## Your goal
Copy exactly the lines of the data below that run from the line holding "A questa citazione" through the line holding "Флаг Финляндии в", both ends included.

## Provided records
——————————
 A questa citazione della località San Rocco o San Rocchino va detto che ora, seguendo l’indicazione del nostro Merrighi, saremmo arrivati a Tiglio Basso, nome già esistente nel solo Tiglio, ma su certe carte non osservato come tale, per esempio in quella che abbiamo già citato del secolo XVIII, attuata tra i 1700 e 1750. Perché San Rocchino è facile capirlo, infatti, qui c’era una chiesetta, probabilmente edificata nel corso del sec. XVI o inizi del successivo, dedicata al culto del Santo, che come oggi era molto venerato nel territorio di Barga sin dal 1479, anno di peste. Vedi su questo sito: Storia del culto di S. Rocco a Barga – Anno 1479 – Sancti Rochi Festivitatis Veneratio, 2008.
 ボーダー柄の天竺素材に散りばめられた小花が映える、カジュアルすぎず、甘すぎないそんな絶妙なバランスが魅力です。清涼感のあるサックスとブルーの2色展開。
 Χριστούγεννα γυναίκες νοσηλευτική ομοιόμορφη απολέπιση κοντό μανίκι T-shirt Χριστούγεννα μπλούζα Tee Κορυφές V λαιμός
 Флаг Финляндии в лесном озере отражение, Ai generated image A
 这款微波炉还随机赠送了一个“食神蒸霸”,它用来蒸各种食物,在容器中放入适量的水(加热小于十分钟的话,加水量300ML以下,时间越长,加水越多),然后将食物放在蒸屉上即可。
——————————
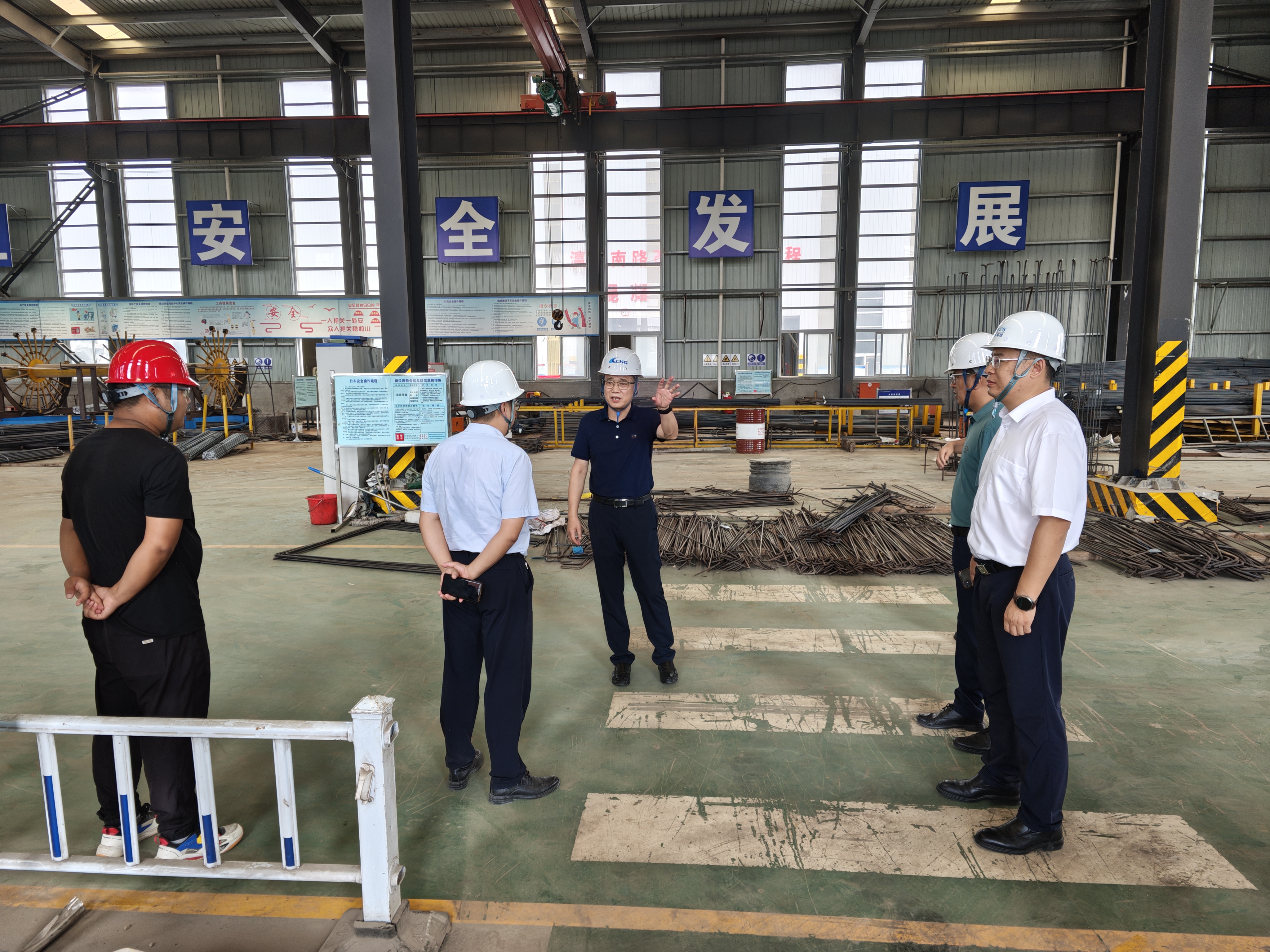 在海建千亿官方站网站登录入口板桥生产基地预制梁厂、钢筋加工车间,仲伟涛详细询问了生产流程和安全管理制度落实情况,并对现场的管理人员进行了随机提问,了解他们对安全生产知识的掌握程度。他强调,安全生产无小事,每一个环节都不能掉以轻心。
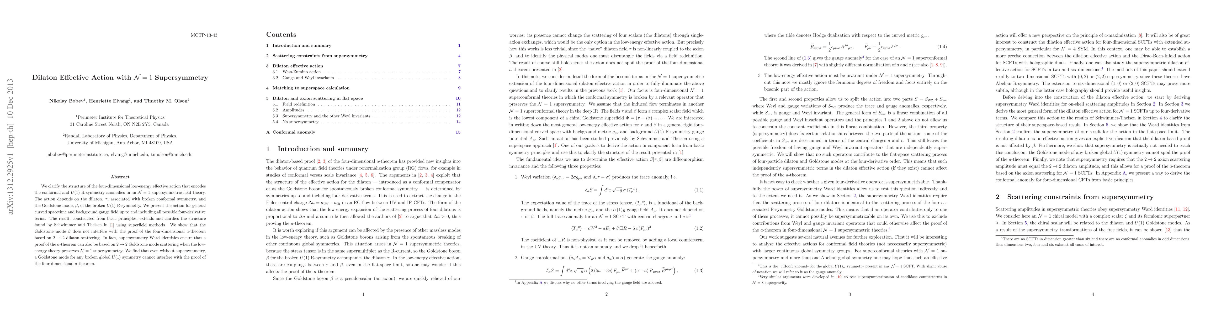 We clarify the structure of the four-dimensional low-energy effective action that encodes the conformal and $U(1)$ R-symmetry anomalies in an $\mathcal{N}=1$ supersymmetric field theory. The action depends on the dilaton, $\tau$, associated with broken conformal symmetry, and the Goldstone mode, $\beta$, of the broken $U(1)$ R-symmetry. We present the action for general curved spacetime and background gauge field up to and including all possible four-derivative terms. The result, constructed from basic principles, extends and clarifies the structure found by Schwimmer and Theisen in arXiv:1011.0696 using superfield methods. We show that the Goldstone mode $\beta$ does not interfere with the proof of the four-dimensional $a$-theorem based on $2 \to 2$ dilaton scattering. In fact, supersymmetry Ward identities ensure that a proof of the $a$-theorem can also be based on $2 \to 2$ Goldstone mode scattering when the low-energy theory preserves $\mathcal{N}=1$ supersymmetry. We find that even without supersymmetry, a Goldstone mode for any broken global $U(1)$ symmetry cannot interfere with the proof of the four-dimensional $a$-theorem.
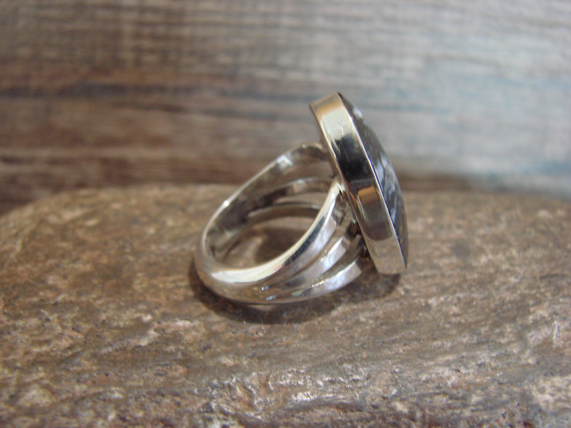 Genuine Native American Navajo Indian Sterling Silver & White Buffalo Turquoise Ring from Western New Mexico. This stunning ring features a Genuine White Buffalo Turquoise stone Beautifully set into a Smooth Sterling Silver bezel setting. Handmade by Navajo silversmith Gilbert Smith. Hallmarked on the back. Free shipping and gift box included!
——————————
## Answer to the problem
 A questa citazione della località San Rocco o San Rocchino va detto che ora, seguendo l’indicazione del nostro Merrighi, saremmo arrivati a Tiglio Basso, nome già esistente nel solo Tiglio, ma su certe carte non osservato come tale, per esempio in quella che abbiamo già citato del secolo XVIII, attuata tra i 1700 e 1750. Perché San Rocchino è facile capirlo, infatti, qui c’era una chiesetta, probabilmente edificata nel corso del sec. XVI o inizi del successivo, dedicata al culto del Santo, che come oggi era molto venerato nel territorio di Barga sin dal 1479, anno di peste. Vedi su questo sito: Storia del culto di S. Rocco a Barga – Anno 1479 – Sancti Rochi Festivitatis Veneratio, 2008.
 ボーダー柄の天竺素材に散りばめられた小花が映える、カジュアルすぎず、甘すぎないそんな絶妙なバランスが魅力です。清涼感のあるサックスとブルーの2色展開。
 Χριστούγεννα γυναίκες νοσηλευτική ομοιόμορφη απολέπιση κοντό μανίκι T-shirt Χριστούγεννα μπλούζα Tee Κορυφές V λαιμός
 Флаг Финляндии в лесном озере отражение, Ai generated image A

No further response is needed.